Collected data below:

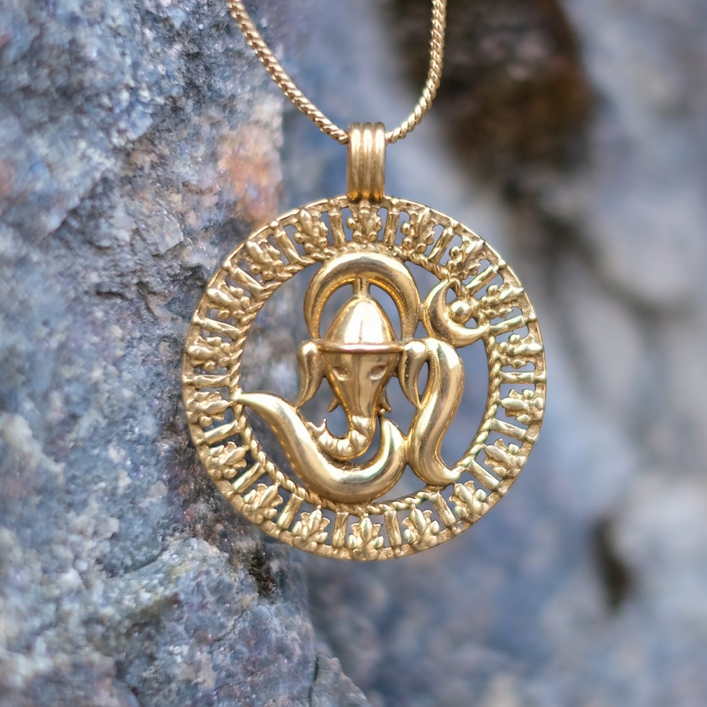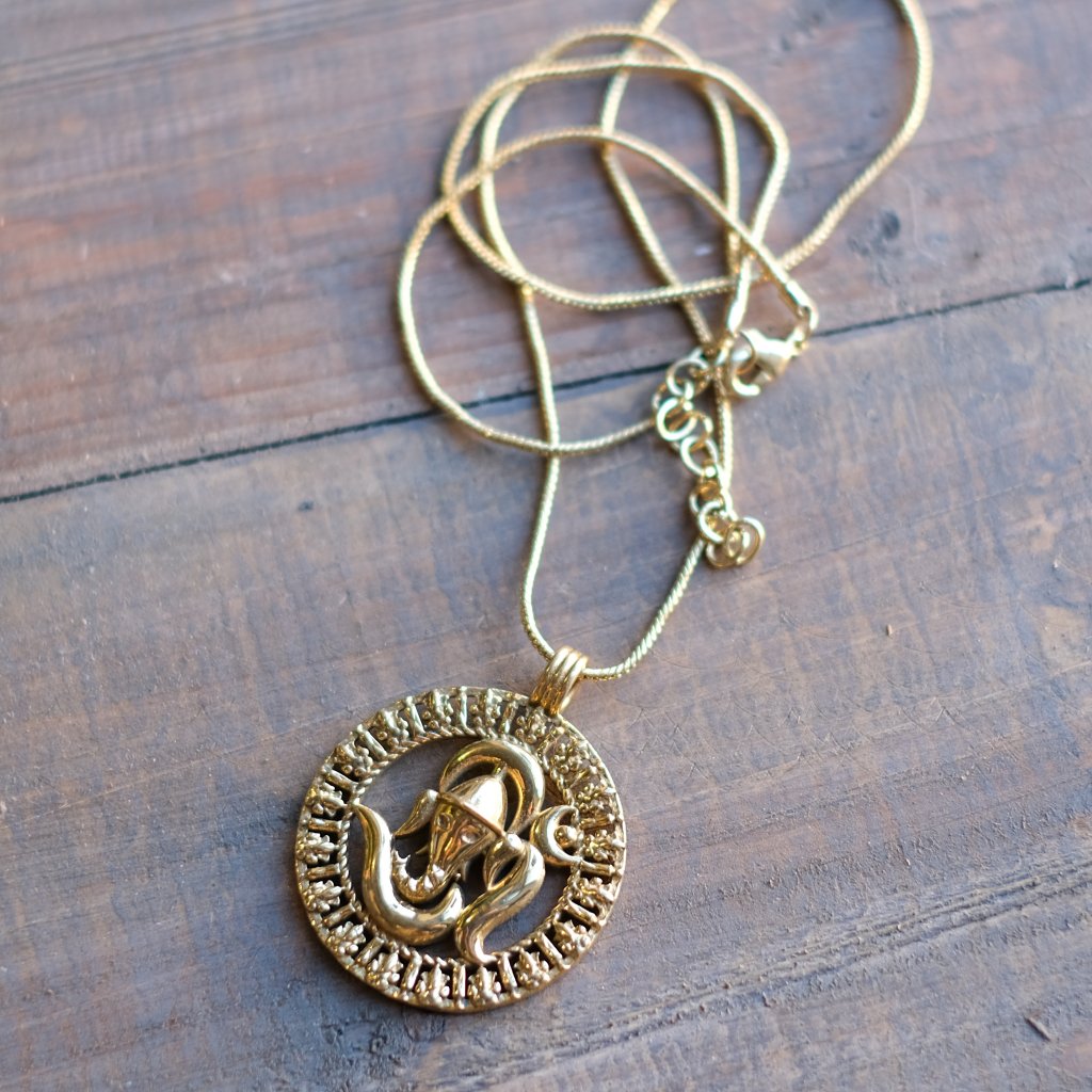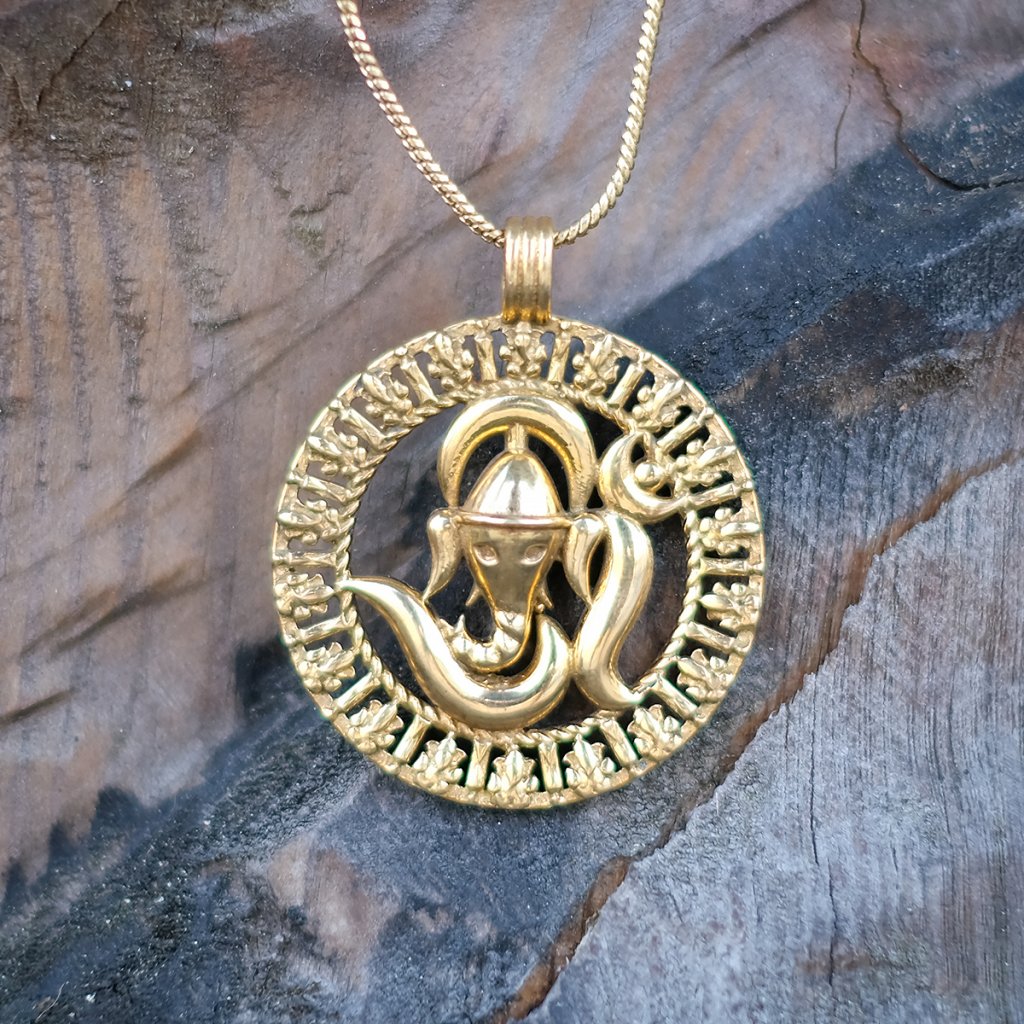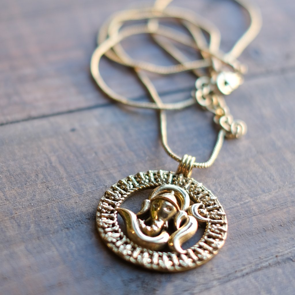 Vackert halsband i brons med ett hänge som föreställer guden Ganesha. Smycket är handgjort i Indien. Ganesha är en av hinduismens mest populära gudar och är känd som visdomens och framgångens gud.
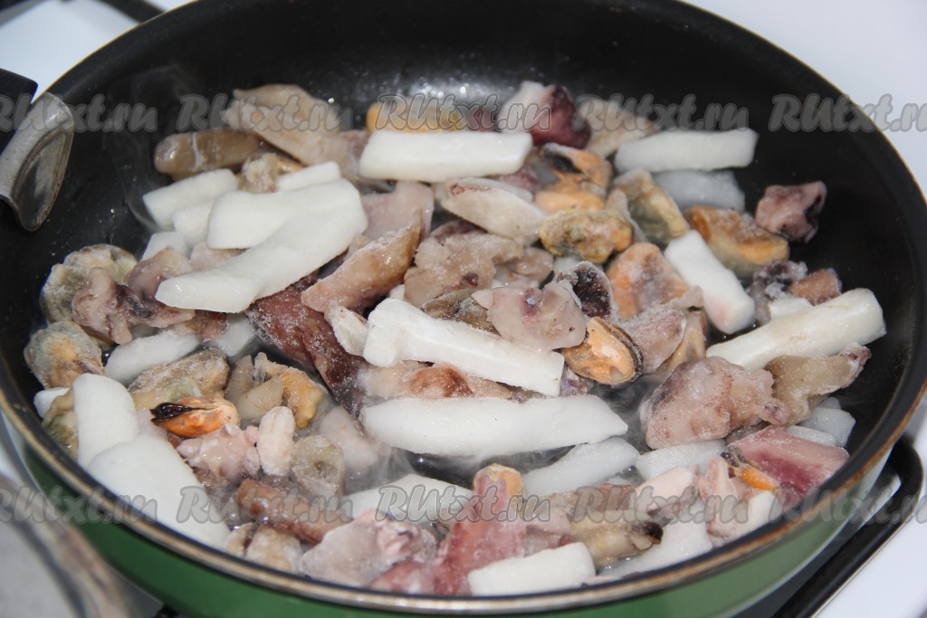 Морепродукты, предварительно не размораживая, выложить на сковороду, тушить на небольшом огне в собственном соку минут 5, иногда помешивая.
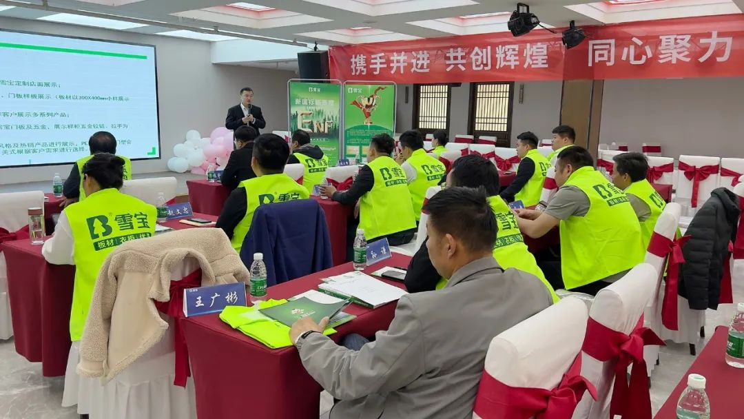 雪寶品牌菏澤運(yùn)營(yíng)中心總經(jīng)理曹培訓(xùn)先生、雪寶華北營(yíng)銷中心總監(jiān)陳家義先生、雪寶華北生態(tài)板、家具板事業(yè)部山東省區(qū)域負(fù)責(zé)人及華北后臺(tái)團(tuán)隊(duì)人員出席會(huì)議。
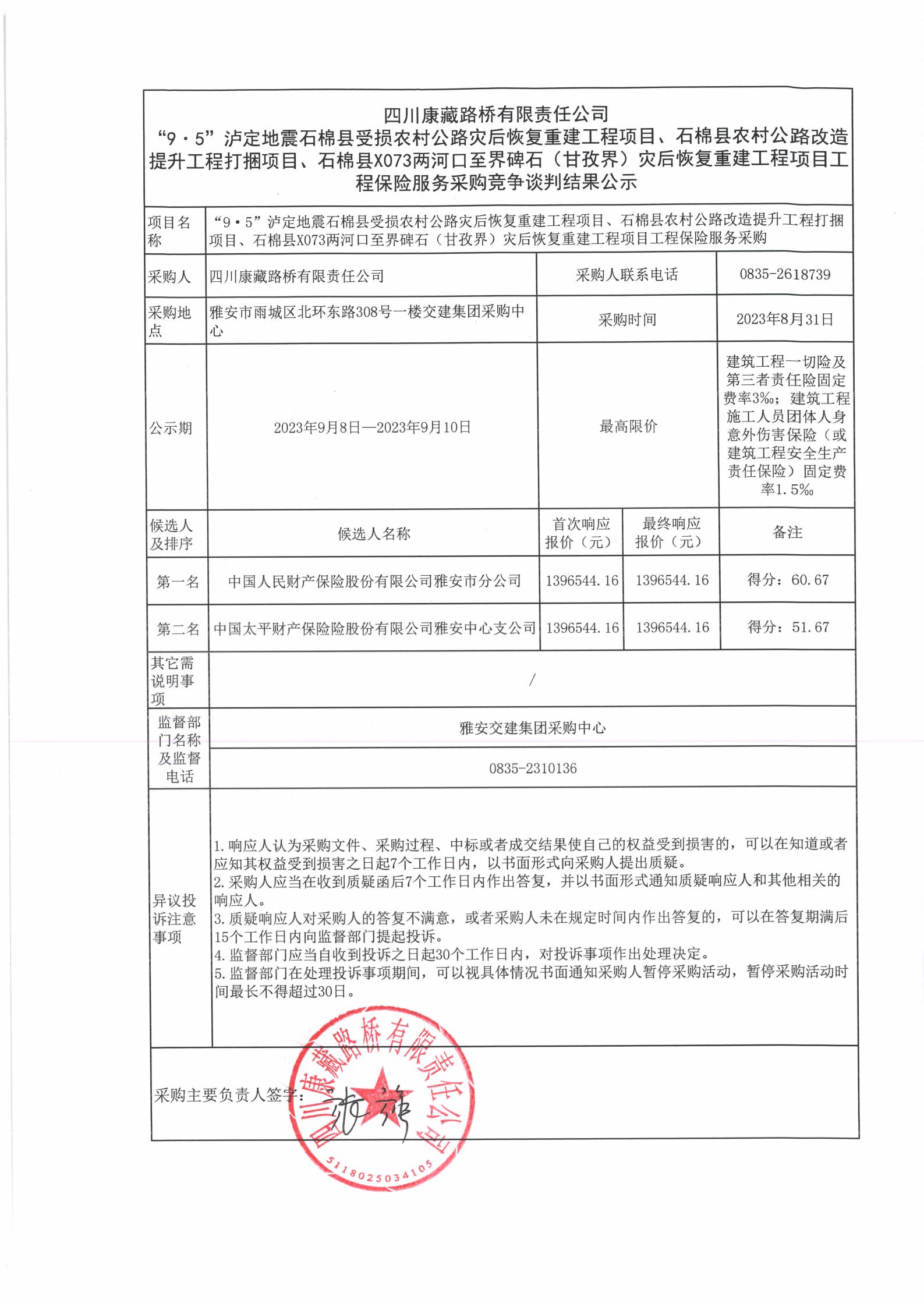 四川康藏路橋有限責任公司“9·5”瀘定地震石棉縣農(nóng)村公路災后恢復重建工程項目、石棉縣農(nóng)村公路改造提升工程打捆項目、石棉縣X073兩河口至界碑石(甘孜界)災后恢復重建工程項目工程保險服務采購競爭談判結(jié)果公示

End of Collected data.

▶ _What needs to be done_:
A word-for-word copy of the lines from the one with "雪寶品牌菏澤運(yùn)營(yíng)中" through the final line of the listing above is the whole answer, and it contains no pictures.

▶ _Your response_:
 雪寶品牌菏澤運(yùn)營(yíng)中心總經(jīng)理曹培訓(xùn)先生、雪寶華北營(yíng)銷中心總監(jiān)陳家義先生、雪寶華北生態(tài)板、家具板事業(yè)部山東省區(qū)域負(fù)責(zé)人及華北后臺(tái)團(tuán)隊(duì)人員出席會(huì)議。
 四川康藏路橋有限責任公司“9·5”瀘定地震石棉縣農(nóng)村公路災后恢復重建工程項目、石棉縣農(nóng)村公路改造提升工程打捆項目、石棉縣X073兩河口至界碑石(甘孜界)災后恢復重建工程項目工程保險服務采購競爭談判結(jié)果公示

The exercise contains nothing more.